Then there's the I couldn't resist item. A 3 1/2 oz Jumbo Peanut Butter jar. The other two are a 1 lb and a 10 1/2 oz size for comparison.


----------



## morbious_fod (May 30, 2010)

It doesn't have the cute little messages on the bottom but the patent date.


----------



## whiskeyman (May 30, 2010)

Good additions, esp the small Jumbo...and the Princeton W.VA


----------



## madman (May 30, 2010)

nice on the mini jumbo! and............ as you know that princeton motors soda is killer!!!!!!!


----------



## green dragon (May 30, 2010)

All great finds. 

  I gotta find me a flea market around here with that level of goodies - not just cases of dug mason jars. lol.

  Got a question on the Nu-Icy.... if I may dare .. is what''s a good price on that - I found one this past week, turned it down at 10 bucks cause it has a couple 1/8" dings ( not shipped outside, but the dings that show inside the glas - not bubbles ) . 

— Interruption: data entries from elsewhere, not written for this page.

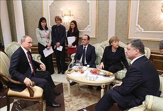 Poroşenko, Minsk uzlaşmalarının çalışacağı konusunda kimsenin tam emin olamayacağını, ancak dün sağlanan uzlaşmanın özelliğinin Üçlü Temas Grubu'nun değil, belki de dört ülkenin liderlerinin uzlaşması olmasıyla önem taşıdığını vurguladı.
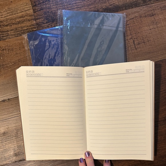 Organize your thoughts with this elegant blue and cream notebook set. Perfect for home office use. You will receive the two notebooks sealed in the packaging.
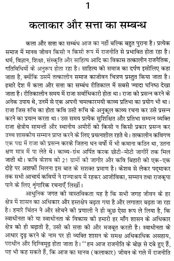 प्रथम अध्याय में कलाकार और सत्ता के बीच के सम्बन्ध पर प्रकाश डाला है।
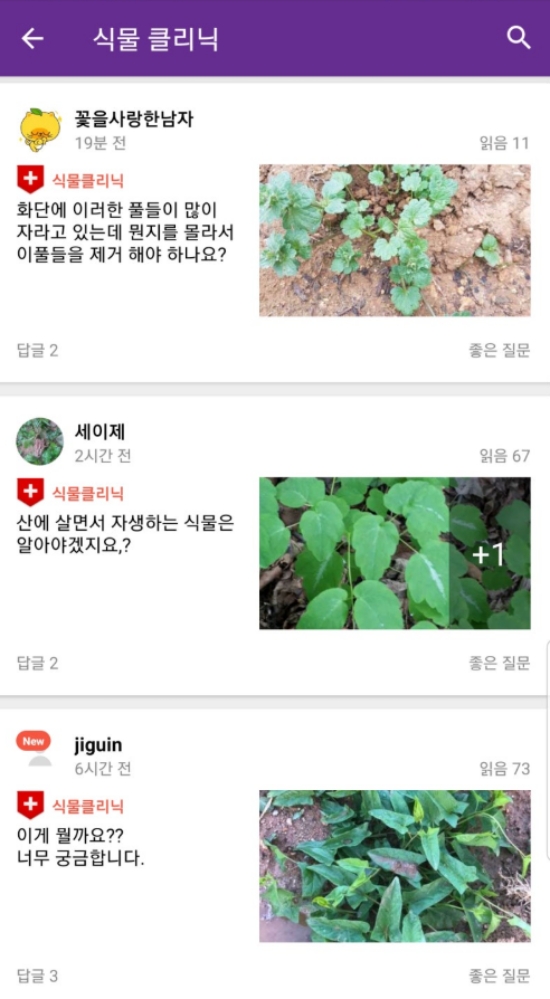 8. 단순히 이름을 찾는 것 외에도 '식물 클리닉' 공간을 활용할 수 있습니다. 화단에 자라는 풀의 정체가 궁금하거나 키우는 식물의 상태가 좋지 않을 때 사진과 함께 글을 올리면, 다른 이용자들로부터 유용한 조언을 얻을 수 있습니다.

  Hope to pick up some bottles tommorrow, that a guy wants to  get rid of cheap, hope for some rarities,  

  ~ AL


----------



## morbious_fod (May 31, 2010)

Nu-Icy's for the most part are pretty common. I paid $10 for that one, which was a steal, due to it's being from Wytheville, VA which is a tough town to find this particular bottle from. Most go for about $5 to $10 in good condition. Keep looking and I assure you that you will find a better one. The flea market at Hillsville, VA only happens twice a year, and numerious dealers flock to it from all over. The dealer I got the Princeton off of was a person I already knew and didn't expect to find there. If he hadn't been there I wouldn't have found too much that would qualify as, the way Madman put it, that "Killer".


----------



## bhainesinnc (May 31, 2010)

I'm from Eastern NC, and just uncovering about 4-500 soda bottles I dug and put up in the early 70's, finding ACL Tips, on the same bottle it also has tips embossed several times on the bottle, also finding Nesbits here?? Havn't found any Tenn. yet, but if anyone takes a ride into eastern NC and are interested in fresh bottles that haven't been cleaned, I'd allow someone to go to the honey hole with me and take their picks!! found some really nice embossed yesterday, someone is supposed to be posting these for me, no photo-bucket. I will be selling most of these..finding some nice embossed pepsi's, Dr. pepper, found a perfect ACL Milk-kay yesterday also, from St. Louis..Not to get off the thread, but does anyone have info. on a five-points, could be a beer, not sure....thanks for your time..


----------



## morbious_fod (May 31, 2010)

Five points was a soda flavor line from the Nu-Grape company. It was bottled in my area in Johnson City, Tenn., Bluefield VA and Knoxville, Tenn. They are usually acls; however, they may have started with a paper label.


----------



## bhainesinnc (May 31, 2010)

Thank you for the five-points pic., this one seems to be embossed 6 oz, It has five * Points on both sides, at the bottom of the neck, and the Reg. U.S. Pat. Off., PLGWT and a #1 and a 152 around the base, had never heard of it so thank you!!


----------



## morbious_fod (Jun 7, 2010)

I was stunned on Saturday when after disappointment after diappointment on that trip to Tazewell, I came upon a yard sale, finding nothing and dejected I started to leave and a woman asked didn't I find anything. I said no, I was looking for pop bottles. She stated that here husband had some soda bottles, and upon talking to him he took me into his collecting/hoarding room, and the first thing I saw was this bottle, and immediately realized this was a variation I didn't have. We talked some and I decided to try to acquire the bottle, sure enough he sold it to me, and it's now part of the collection, and I'm about to post it on the website. That's three variations of these Graham, VA straight side 3-Cs so far, and one deco. I'm beginning to wonder what else will show up. 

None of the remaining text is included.